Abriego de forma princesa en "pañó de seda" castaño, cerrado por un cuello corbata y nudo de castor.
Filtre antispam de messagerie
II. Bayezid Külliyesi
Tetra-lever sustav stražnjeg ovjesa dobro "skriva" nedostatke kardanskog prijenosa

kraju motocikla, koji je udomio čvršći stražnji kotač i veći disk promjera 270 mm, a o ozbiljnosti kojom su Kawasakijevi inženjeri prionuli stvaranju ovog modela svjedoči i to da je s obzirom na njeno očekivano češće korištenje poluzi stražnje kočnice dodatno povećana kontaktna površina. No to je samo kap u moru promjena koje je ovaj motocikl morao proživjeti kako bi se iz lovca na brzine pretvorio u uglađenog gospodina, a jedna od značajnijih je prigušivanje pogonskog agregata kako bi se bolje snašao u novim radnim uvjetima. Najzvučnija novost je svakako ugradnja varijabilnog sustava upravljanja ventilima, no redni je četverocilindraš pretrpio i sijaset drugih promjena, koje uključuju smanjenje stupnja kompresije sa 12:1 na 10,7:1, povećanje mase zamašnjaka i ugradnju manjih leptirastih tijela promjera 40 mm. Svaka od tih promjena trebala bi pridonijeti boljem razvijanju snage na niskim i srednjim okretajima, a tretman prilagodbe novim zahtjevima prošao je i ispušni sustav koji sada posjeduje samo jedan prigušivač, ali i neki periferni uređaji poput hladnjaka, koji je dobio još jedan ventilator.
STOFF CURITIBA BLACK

++++++++++++++++++++

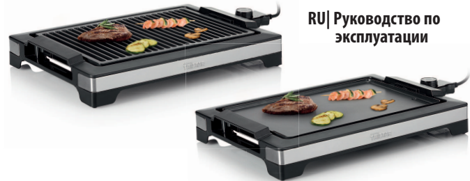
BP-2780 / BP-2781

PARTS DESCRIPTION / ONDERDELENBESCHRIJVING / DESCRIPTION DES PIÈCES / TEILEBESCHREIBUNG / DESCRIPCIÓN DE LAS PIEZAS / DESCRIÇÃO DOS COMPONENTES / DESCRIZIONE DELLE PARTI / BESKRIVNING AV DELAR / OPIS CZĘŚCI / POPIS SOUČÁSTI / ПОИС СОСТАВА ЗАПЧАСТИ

++++++++++++++++++++

_What you are asked to do_
Go to the line with "Abriego de forma" in the entries above and repeat every line from there through the line with "Tetra-lever sustav stražnjeg", exactly and with no other text.

_Solution to this task_
Abriego de forma princesa en "pañó de seda" castaño, cerrado por un cuello corbata y nudo de castor.
Filtre antispam de messagerie
II. Bayezid Külliyesi
Tetra-lever sustav stražnjeg ovjesa dobro "skriva" nedostatke kardanskog prijenosa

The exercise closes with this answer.